Obwohl Gott in Seiner Antwort den Stolz, die falsche Sicherheit und das Widerstreben des Volkes bloßstellte, versicherte Er doch in unendlichem Erbarmen Seinem Diener, daß Er seiner Brüder, der Männer seiner Verwandtschaft und des ganzen Hauses Israel in Seiner Gnade gedenken wolle und daß ein Tag kommen würde, wo Er sie wieder sammeln und aus den Ländern zusammenbringen werde, in welche sie zerstreut worden seien. Und nicht allein werde Er ihnen das Land Israel geben, sondern auch ein Herz und einen neuen Geist in ihrem Innern. Und sie würden Sein Volk und Er ihr Gott sein. Welche Gegensätze in der Größe der Sünde und in der Größe der Gnade! Ja, wir lernen bisweilen die ganze Schwere unserer Sünden und ebenso die ganze Größe unserer Segnungen erst recht in dem Gegensatz zu verstehen. Wie hochmütig und anmaßend waren die Worte dieser Bewohner Jerusalems: „Uns ist das Land zum Besitztum gegeben!“ gegenüber dem demütigen Bekenntnis des Überrestes: „Nicht uns, Jehova, nicht uns, sondern Deinem Namen gib Ehre.“ (Ps 115,1) Sie ließen das Wort „nicht“ aus, und damit bewiesen sie, daß sie sich nicht nur der Verachtung ihrer Brüder schuldig machten, sondern auch unverdiente Ehre für sich selbst in Anspruch nahmen, anstatt sie Gott zu geben, von dem alles kam und dem auch aller Ruhm gebührte.

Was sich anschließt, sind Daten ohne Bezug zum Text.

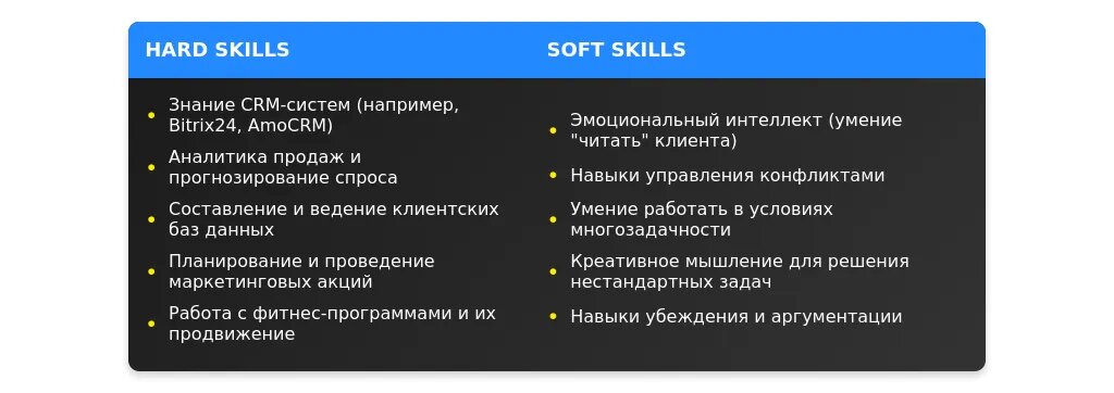 После адаптации: "Навыки работы с CRM-системами (Bitrix24, Salesforce), проведение тренингов для клиентов, увеличение продаж абонементов."
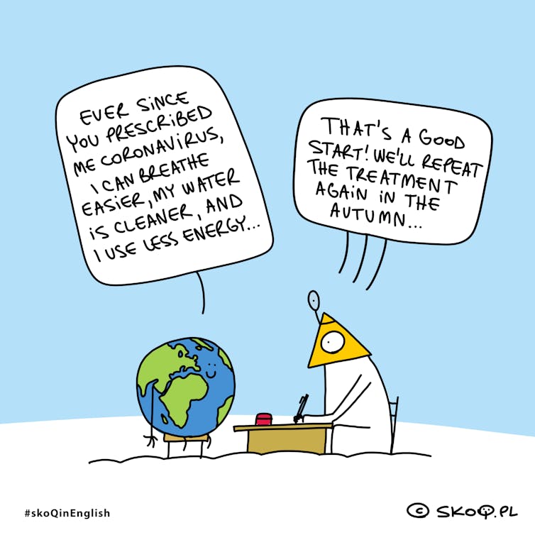 « les plus grandes baisses d’émissions se sont produites aux États-Unis et en Chine, en grande partie en raison des voyages aériens cloués au sol et d’une diminution de la consommation d’eau, de gaz et d’électricité… ».
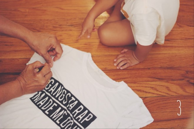 Use a pencil to mark where you’d like to cut. I wanted a slouchy fit so my mom made the markings about 2/3 away from the collar. You can use one of your toddlers tanks as a guideline if you want a more standard look for the sleeves. Either way, create your markings with a little more space – you can always cut more or sew the sleeves more to your liking. It’s better to give yourself a little room to play with. Once you cut, you can’t go back!
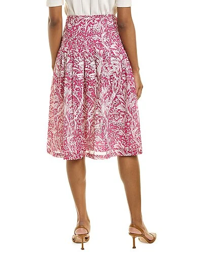 - Zelda Midi Skirt in acardia wallpaper white pink with pleated design and two front pockets
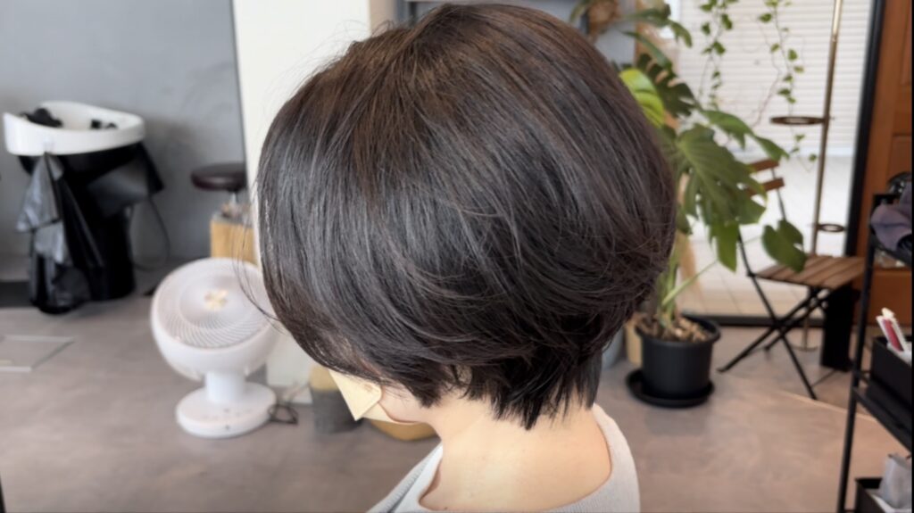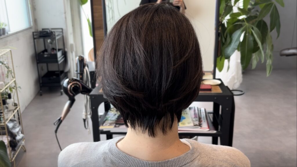 うねりを抑えたショートカット。癖とうねりを頭皮ほぐしシャンプーとおさまりカットで「垢抜けショートヘア」に。
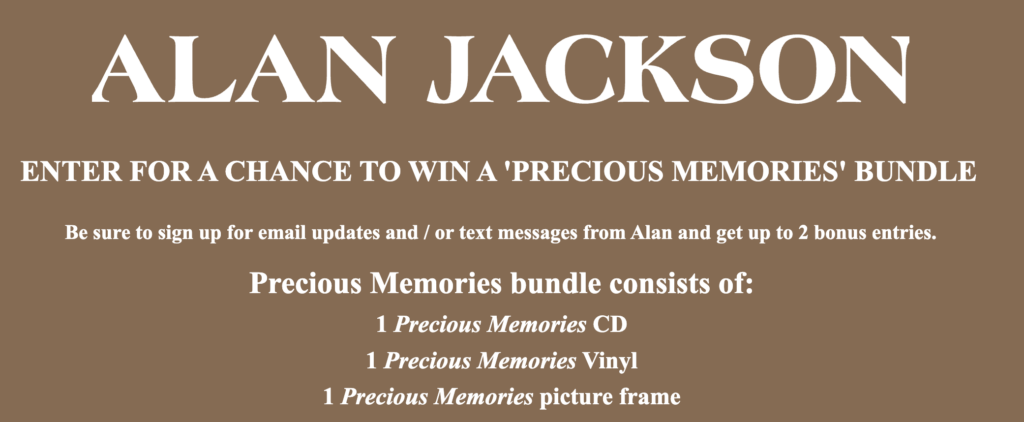 One-time entry. Earn up to 2 bonus entries by opting into Alan Jackson’s email and/or SMS updates.
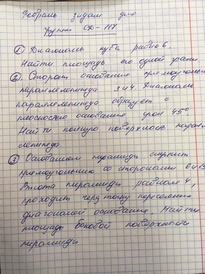 3. Если я правильно разобрал стороны прямоугольника 6, 15. Найдем высоты боковых граней. Они равны 5 и корень72, 25. Боковая поверхность будет равна а*h1+b*h2=6корень72,25+75
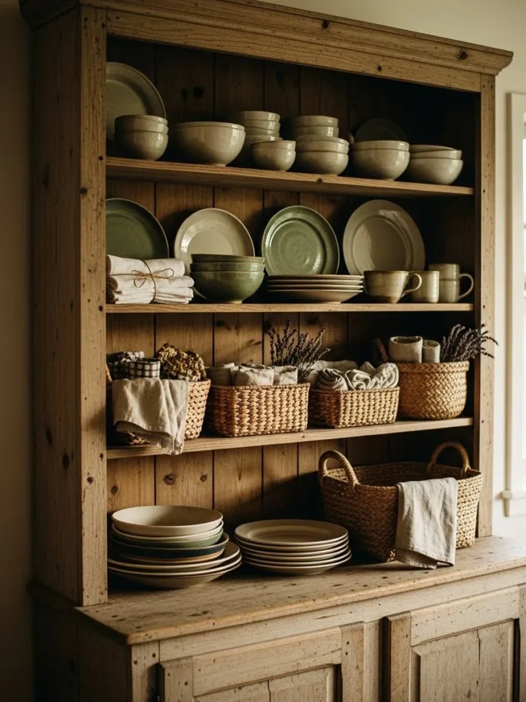 This cozy farmhouse kitchen moment features a beautifully weathered wooden hutch filled with the sweetest mix of neutral ceramics, soft linens, and woven baskets. The open shelving creates that effortless lived-in look we all love, with stacks of plates and bowls in creamy whites and muted greens that feel earthy and calming. The wicker baskets add warmth and texture while keeping everything looking tidy, and the natural grain of the wood brings that authentic rustic charm you simply cannot fake. It feels like the kind of space where every piece has a purpose and a story.
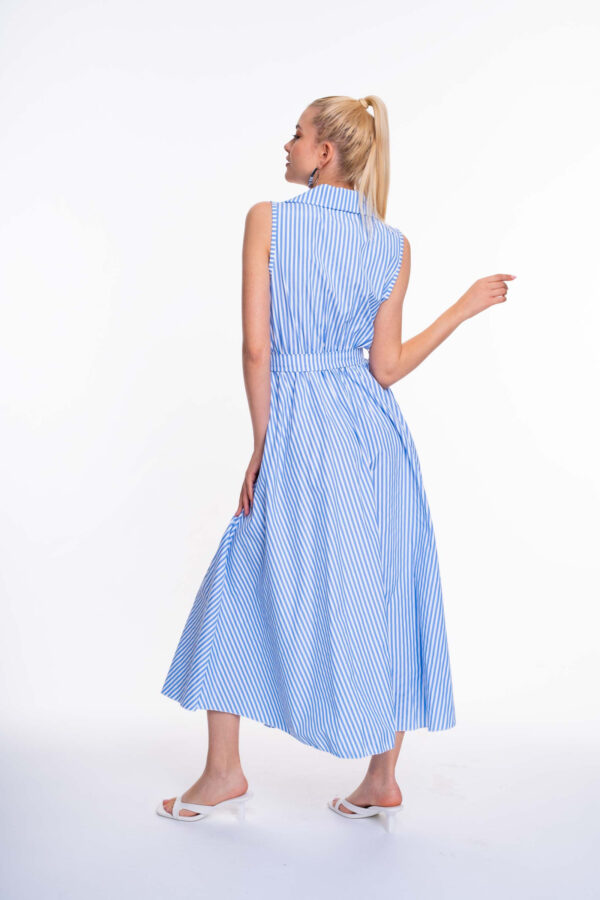 Fix puplinanyagból készült gombos záródású ruha, gumírozott derekán saját anyagából készült megkötővel, gallérján kis fém márkajelzéssel.

So wie Eutychus' Schlaf und Fall nicht auf ihn allein beschränkt ist, so ist auch die Sünde der Bewohner Jerusalems nicht allein auf diese und die Zeiten des Alten Testamentes beschränkt. Zu allen Zeiten hat sie Gottes Volk umstrickt, und wir finden etwas davon wieder bei den Jüngern des Herrn , als sie jemand tun sahen, was sie hätten zu tun fähig sein sollen und doch nicht tun konnten wegen ihres Mangels an Gebet und Fasten. Im Eigendünkel kamen sie zu dem Herrn , und Johannes sagte: „Lehrer, wir sahen jemanden Dämonen austreiben in Deinem Namen, der uns nicht nachfolgt; und wir wehrten ihm, weil er uns nicht nachfolgt. Jesus aber sprach: Wehret ihm nicht; denn es ist niemand, der ein Wunderwerk in Meinem Namen tun kann und bald übel von Mir zu reden vermögen wird; denn wer nicht wider uns ist, ist für uns.“ (Mk 9,38-40) Diese Antwort des Herrn offenbart uns sowohl Seine Treue, mit welcher Er den Eigendünkel Seiner Jünger aufdeckte, als auch Seine Gnade gegen alle, die Seinen Namen lieben und Seine Autorität anerkennen. Möchten wir alle hieraus eine Lehre ziehen und uns von der Sünde der Selbsterhebung bewahren lassen! Laßt uns, statt unsere Brüder zu verachten, durch die Gnade lernen, andere höher zu achten als uns selbst und zu sagen: „Der Herr sei gepriesen!“
H. (v. d. K).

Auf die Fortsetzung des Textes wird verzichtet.